This post will show you how to use Computer Vision and Twilio Lookup to extract phone numbers from images and verify that they’re valid numbers. You’ll build a working example using code you can implement in your own .NET Core projects.

Understanding Computer Vision

Computer Vision is an artificial intelligence (AI) service that’s part of Microsoft Azure Cognitive Services, a collection of machine-learning tools that enable developers to apply AI capabilities to applications just by making an API call — no machine-learning expertise or on-premise server farms required.

The focus of Computer Vision (CV) is to extract information from images. This post will use CV’s ability to extract printed and handwritten text to recognize phone numbers, a capability called Object Detection. CV also has the ability to recognize familiar subjects, like brands and landmarks, and label image content, a capability known as Image Classification that’s helpful in content moderation.

For example, image classification would be used to identify the subject of a photograph as a business card and identify the brand on the card as “IBM”. Object detection would be used to extract the name, email address, and phone number from the card.

Azure Cognitive Services has other image processing capabilities, including face detection, video indexing, forms processing, and handwriting recognition. It also includes a Custom Vision solution for tailoring computer vision to specific domains.

Understanding phone numbers

The key to having a genuine understanding of phone numbers is to understand E.164, the international telephone numbering plan for the public switched telephone network (PSTN). It’s also helpful to be familiar with Falsehoods Programmers Believe About Phone Numbers.

Phone numbers on the PSTN are only unique when they include a country code. In E.164 format they’re expressed as  [+] [country code] [subscriber number including area code] and can have a maximum of fifteen digits.

Most of the time phone numbers aren’t written (or printed) in E.164 format, they’re written in a national format without a country code. For example, Twilio’s main phone number in E.164 format is +18448144627, but the number in national format is (844) 814-4627.

Phone numbers in other countries are different lengths and are formatted in different ways. Without the country code, a phone number in one country may be the same as one in a different country, even if it is formatted differently. It’s also worth noting that the formats for different types of numbers, such as mobile and landline numbers, are different in some countries.

You can determine if a phone number is “phone number-ish” with a regular expression like ^\+[1­­-9]\d{1,14}$, or HTML datatype attributes, or the .NET Core DataType.PhoneNumber enumeration. But you can’t tell if it’s a valid number without using a service like Twilio Lookup.

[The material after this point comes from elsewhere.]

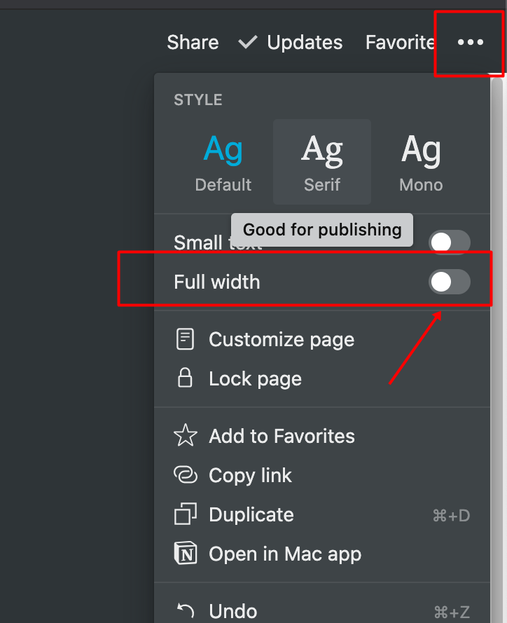 ▼ 5. 우측 상단의 메뉴를 선택하고 Full width 스위치 메뉴를 켜줍니다.

Understanding the case study project

In this tutorial you’ll build a .NET Core Console application that uses Azure Computer Vision to recognize a phone number from an image of a business card, then you’ll validate that number with Twilio Lookup. You’ll access Twilio Lookup using the credentials from your Twilio account and the Twilio NuGet for .NET.

For the sake of simplicity in this introductory demonstration, the application will assume that all the phone numbers on business cards are US numbers.

Prerequisites

To build the solution in this post, you’ll need the following:

.NET Core 3.1 SDK – The SDK includes the runtime, CLI, and API
Visual Studio 2019 with the following workloads and individual components:
   Azure development
   .NET desktop development
   NuGet package manager
   GitHub Extension for Visual Studio
Microsoft account – Required to create an Azure account
Azure account – Trial accounts include 12 months of free services
Twilio account – Sign up with this link and get an additional $10 credit on your account

You should have a basic understanding of C# and .NET Core. Familiarity with the Visual Studio 2019 user interface will also be helpful. No prior experience with Azure or Twilio is required.

There is a companion repository for this post available on GitHub.

Setting up Azure Computer Vision

Before using Azure Custom Vision you must log into Azure and set up access keys. After logging into your Azure account, browse to the portal.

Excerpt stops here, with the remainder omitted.